● **DATA SUPPLIED**:
━━━
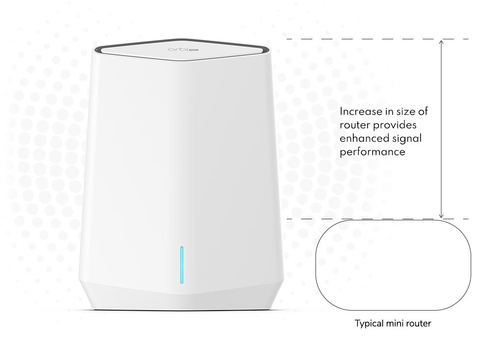 Orbi Pro’s unique shape, height and array of high-power antennas deliver longer, stronger WiFi signals and maximum speed in every corner of your home or business.
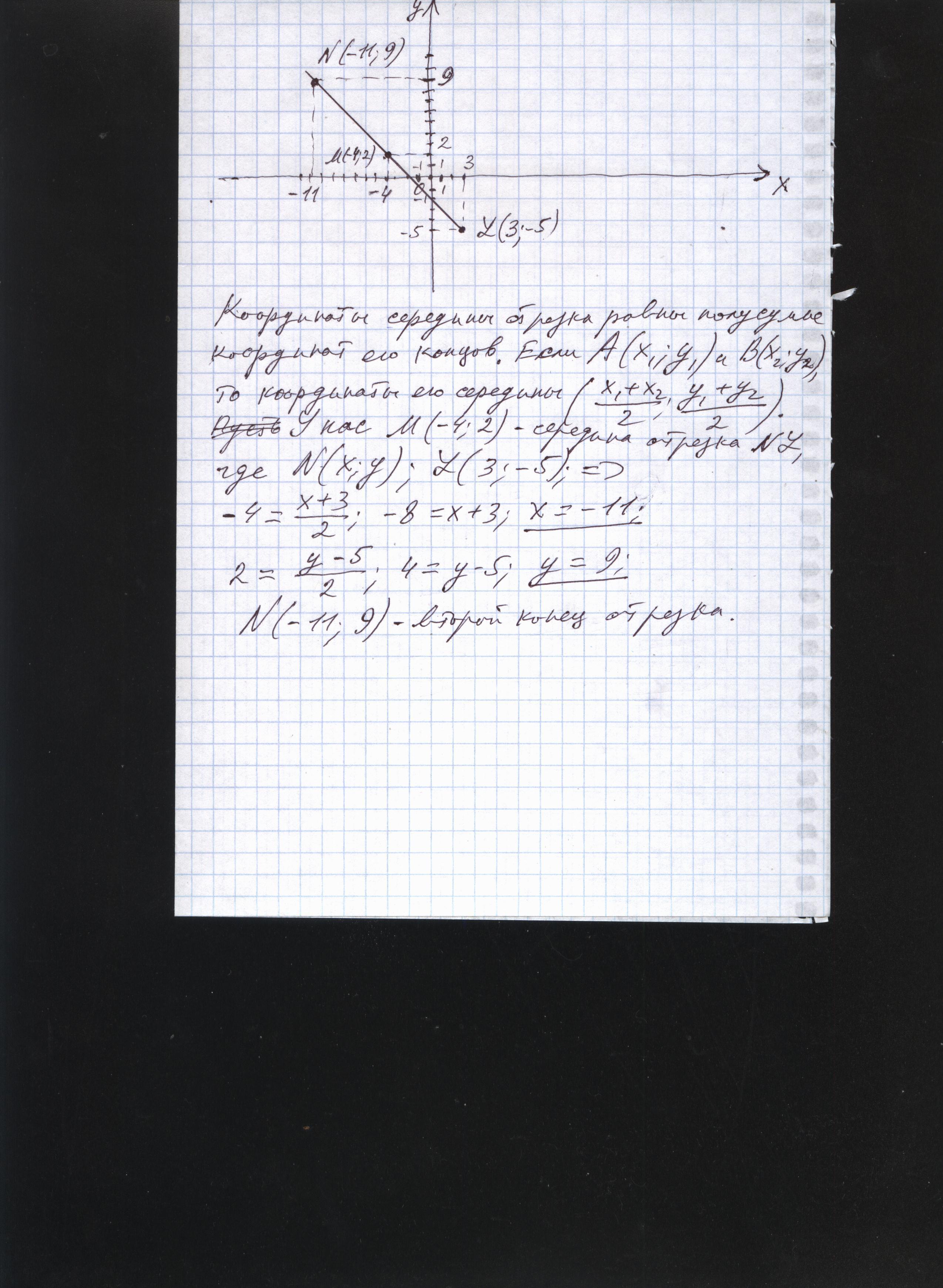 Точка М(-4;2)является серединой отрезка ,один из концов которого находится в точке L(3;-5).В какой точке расположен второй конец отрезка?
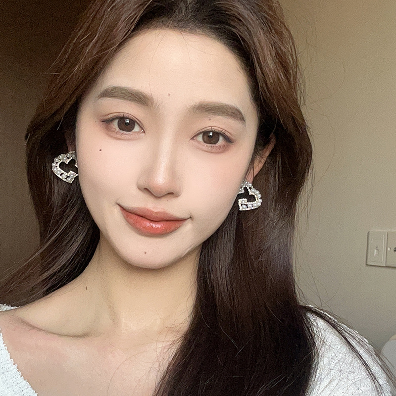 轻奢锆石珍珠爱心耳钉小众高级感气质耳环个性独特设计感镂空耳饰
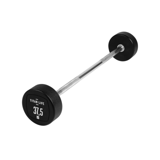 TITAN LIFE PRO Barbell 37,5 kg er en vægtstang med fast vægt, som både kan bruges til at træne biceps og triceps. Vægtenheden er svejset fast til vægtstangen og beklædt med polyurethan. Den er egnet til træningscenteret, foreningsfitness mm. Fordelen med en vægtstang med fast vægt er, at der ikke skal bruges tid på udskiftning af vægtskiver, samt at vægtstørrelser har et spring på 5 kg. fra 10 – 45 kg.
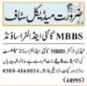 Hospital Clinic Lahore, lahore Punjab Pakistan invites applications from eligible candidates for the post of mbbs doctor, gynecologist, lady doctor, ultrasound doctor and doctor as per advertisement of March 7, 2022 published in daily Nawaiwaqt Newspaper. Candidates with Intermediate, Others, MBBS and Bachelor etc. educational background will be preferred.
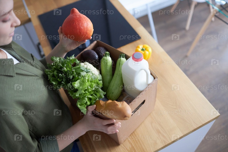 Вид сверху женщины, распаковывающей свежие продукты на кухне
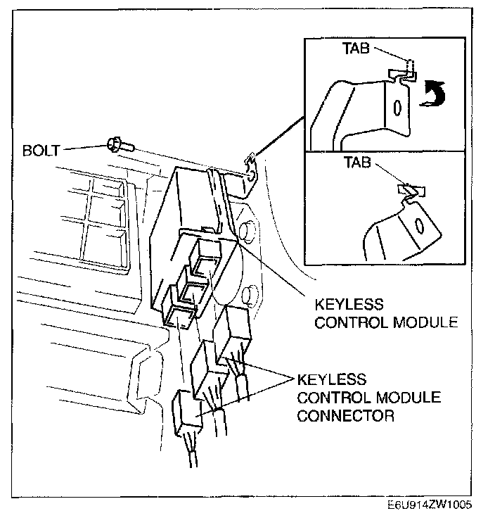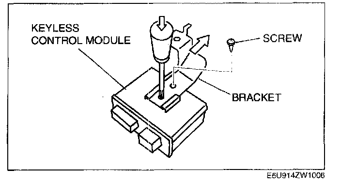 NOTE: The screw which fixes the keyless control module and bracket is for a body ground connection. Be sure to secure the screw when installing.
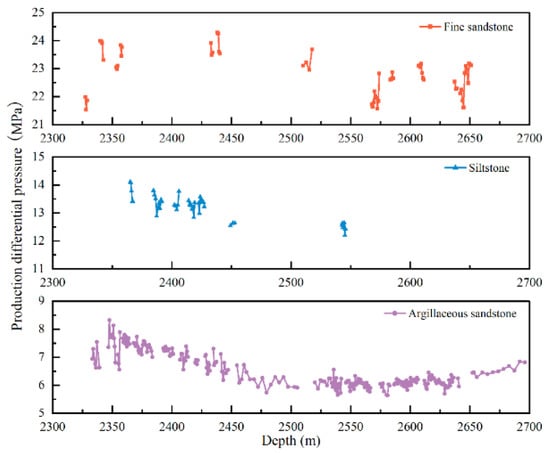 The production pressure differential profile for a well in the depleted gas reservoir of the target block, calculated using the Mogi–Coulomb criterion, is presented in Figure 10. This profile facilitates the identification of reservoir lithology and its corresponding production pressure differential at any given depth. The average production pressure differentials for fine sandstone, siltstone, and argillaceous sandstone in the target well were 23.01 MPa, 13.27 MPa, and 6.89 MPa, respectively.
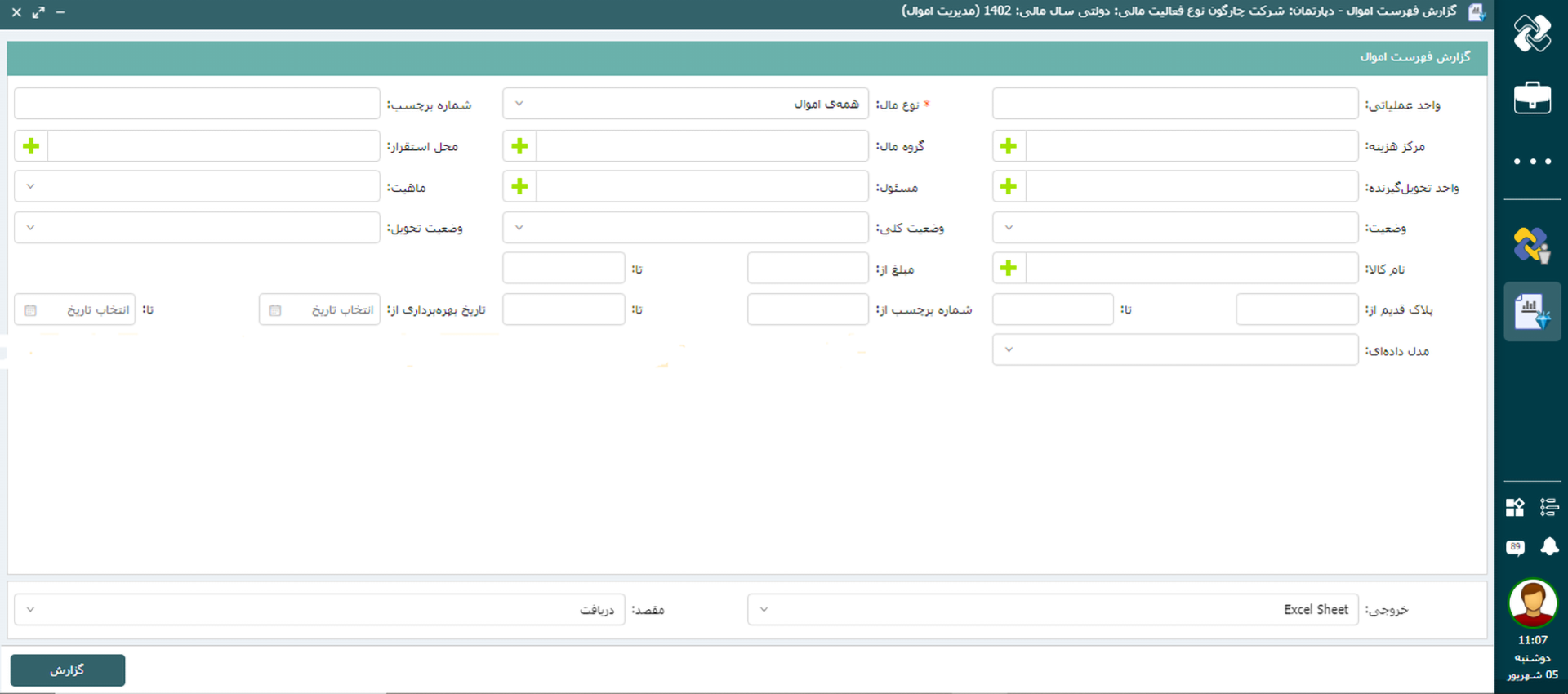 نمای کلی و جزئی اموال، شامل وضعیت ریالی و تعدادی و اموال بدون استفاده، در یک صفحه ارائه میشود تا مدیران بر پایه داده واقعی تصمیم بگیرند.
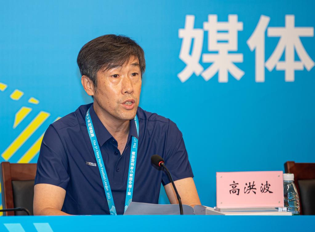 7月10日,高洪波在第一届中国青少年足球联赛媒体通气会上。新华社记者江汉摄
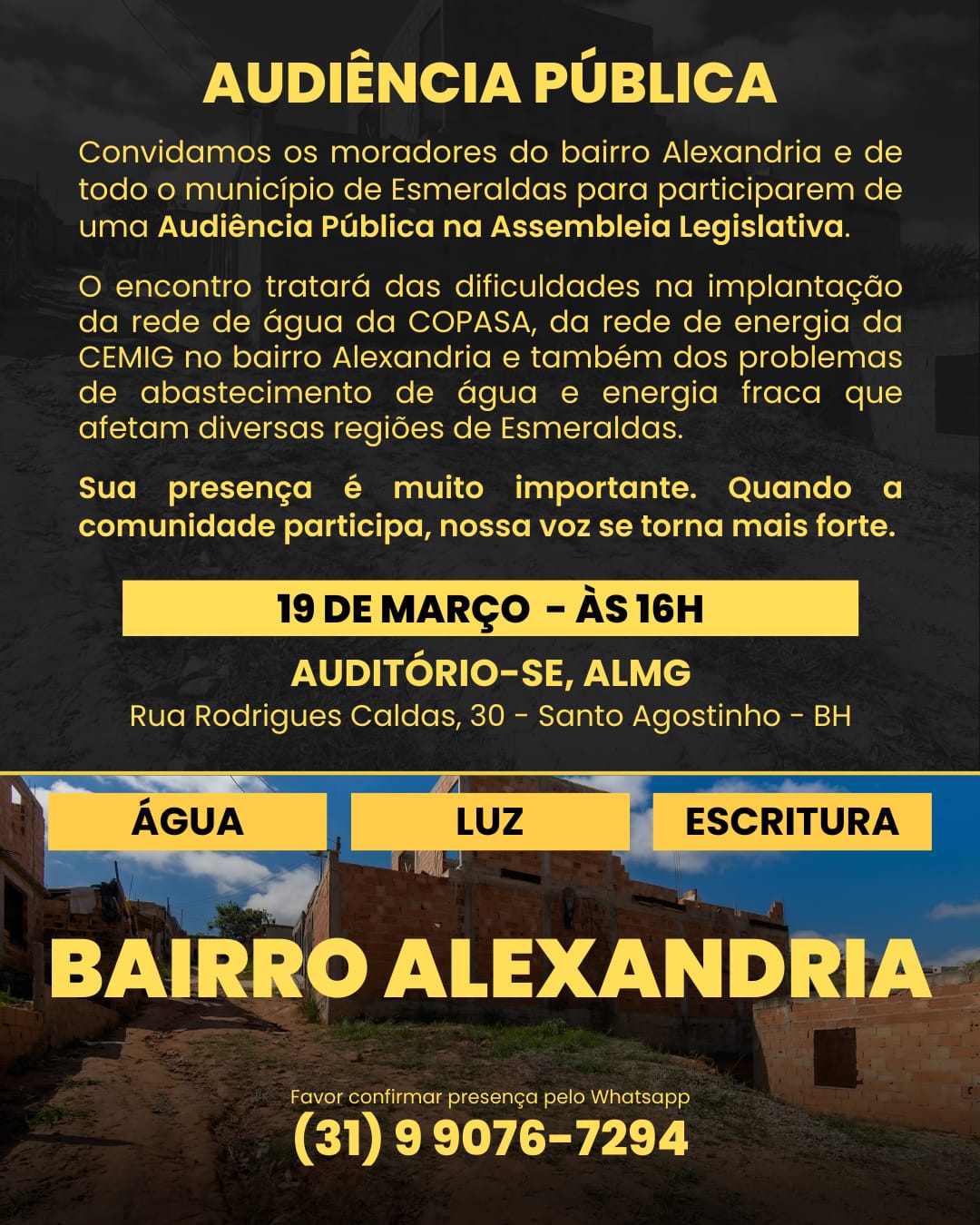 A audiência pública tem como objetivo reunir representantes da comunidade, autoridades públicas e concessionárias de serviços essenciais para discutir o cenário atual e buscar caminhos que garantam dignidade e melhores condições de vida para os moradores do bairro. O encontro será realizado no dia 19 de março, às 16h, no auditório da Assembleia Legislativa de Minas Gerais, localizado na Rua Rodrigues Caldas, 30, no bairro Santo Agostinho, em Belo Horizonte.
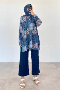 Modalamelif Şal Desen Dijital Baskı Gömlek Mavi
━━━
● **TASK TO CARRY OUT**:
Exactly the lines from the one containing "7月10日,高洪波在第一届中国青少年足球联赛媒体通气会上。新华社记者江汉摄" through the last line of the material above, both included and free of pictures, should make up your answer, please.

● **COMPLETED TASK**:
 7月10日,高洪波在第一届中国青少年足球联赛媒体通气会上。新华社记者江汉摄
 A audiência pública tem como objetivo reunir representantes da comunidade, autoridades públicas e concessionárias de serviços essenciais para discutir o cenário atual e buscar caminhos que garantam dignidade e melhores condições de vida para os moradores do bairro. O encontro será realizado no dia 19 de março, às 16h, no auditório da Assembleia Legislativa de Minas Gerais, localizado na Rua Rodrigues Caldas, 30, no bairro Santo Agostinho, em Belo Horizonte.
 Modalamelif Şal Desen Dijital Baskı Gömlek Mavi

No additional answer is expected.